Posted: Sat Mar 30, 2013 12:35 am
Post subject: Somedays it is just so bloody hard
It has been a rough couple days here. I am nervous abt upcoming IVF in mid April and everywhere I turn there are new babies or newly expecting mothers. I was in the store today and picked up prenatal vitamins and the cashier smiled sweetly and asked if they were for me. I said yes and she was beaming she told me she was pregnant too. I had to explain that I wasn't pregnant just trying. She than recommend OPKs to me and said that she got pregnant with her 1st baby after 1 1/2 month after ttc (that baby is now 6 months old) and that she was now pregnant with her 2nd child without even trying. She continues to tell me I had to try them bc she was sure they would help me get pregnant. I grinned, gave her the proper congratulations and left. She meant to help and she was really sweet but I felt like I had been suckered punched. Then a friend called to tell me that a friend of hers was going to stop by my house to pick something up that my friend had left here, anyways that friend of a friend is also pregnant with her 3rd child and her 2nd child is only 7 months old. My coworker also had a grandbaby this week. She is so cute. I have seen the baby twice now and have oohed and awed over tons of pictures. That was my coworkers six granchild from her daughter in law. I guess I am just struggling on why some of us have such a bloody time ttc while it comes easily to others. Just been one of those weeks that make me wonder why it is so hard for some of us.

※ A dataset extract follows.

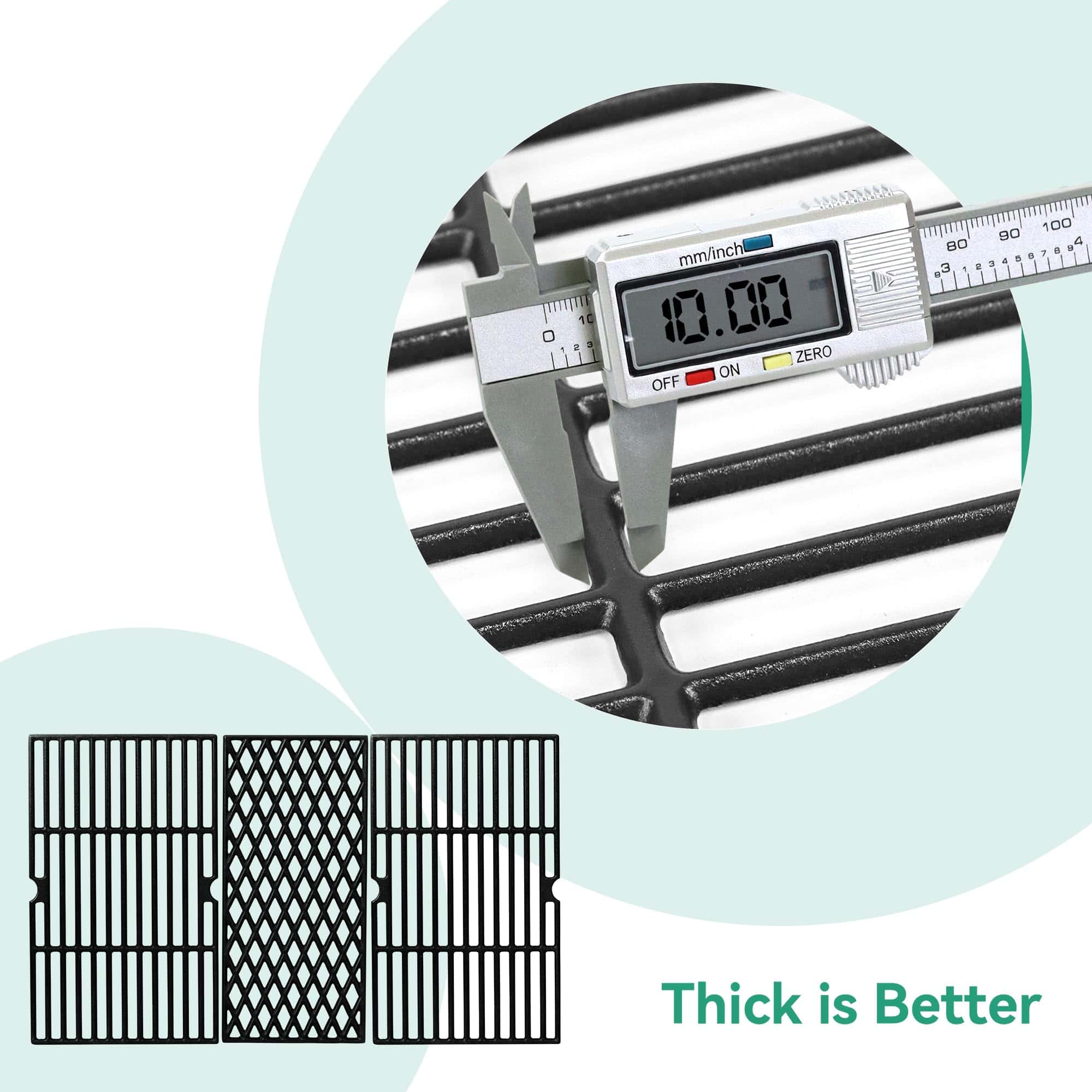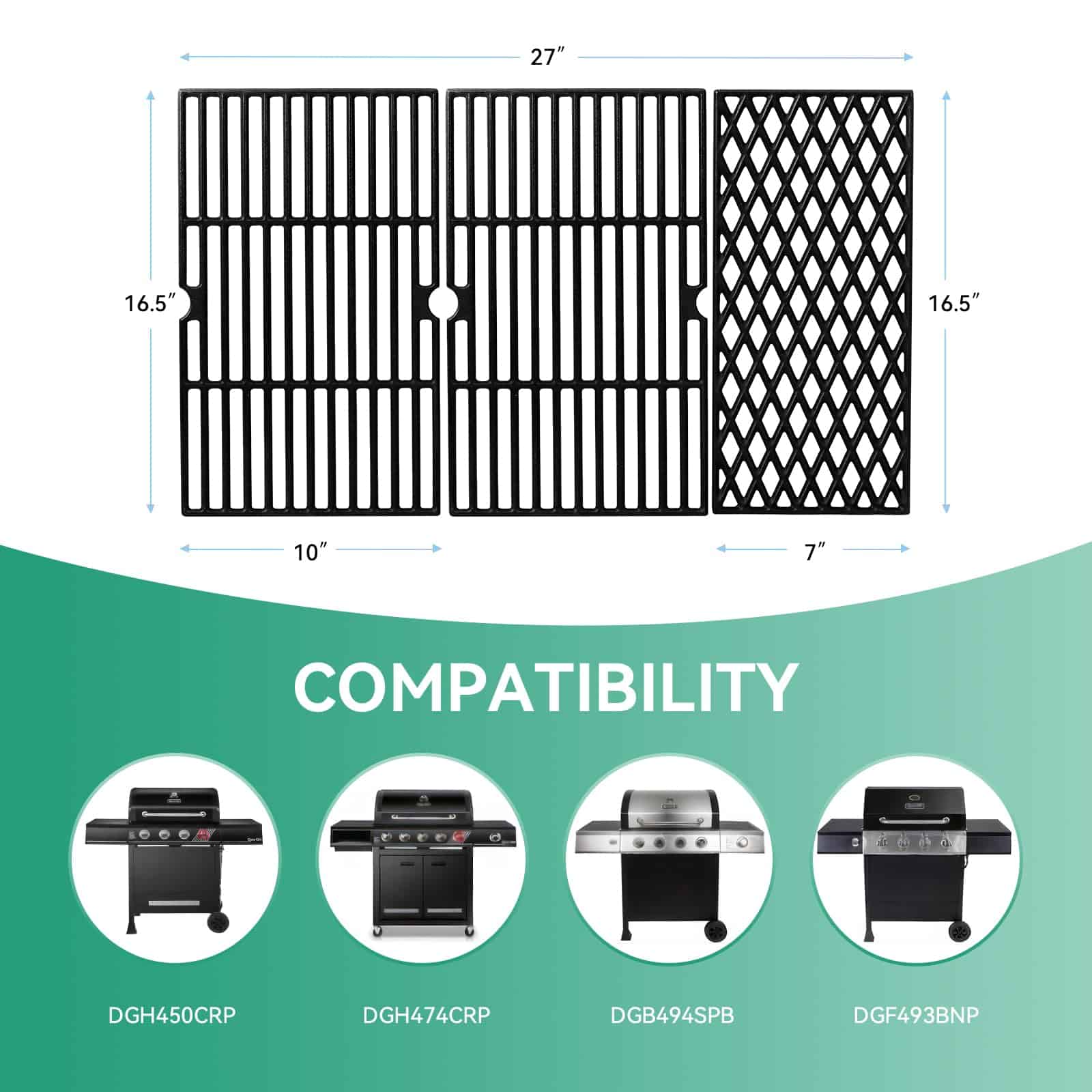 3. Incluye 1 x Rejilla de hierro fundido en forma de diamante y 2 x Rejillas de cocción de hierro fundido. Material: Rejillas de hierro fundido Dyna Glo mate; Número de piezas originales: Piezas de repuesto para Dyna-Glo Número de parte 70-01-911;

Posted: Sat Mar 30, 2013 10:27 pm
I know exactly how you feel, it is so hard isn't it, hon?
A while ago I posted on here something similar when I was feeling pretty down, and one of the replies I got was "Be happy, darling! Your miracle will come!"
I don't know who wrote it, but it cheered me up at the time, so I will repeat it to you...
Be happy darling, your miracle will come!
Enjoying the TTC ride!
Posted: Sun Mar 31, 2013 4:59 am
Thanks! I am feeling better now. I was just having a downer week! Sometimes I get so scared it will never happen other times I am sure that by the next year we will have a baby. Not sure what to blame it on so I will chalk it up to be hormones. They are so fun to blame!!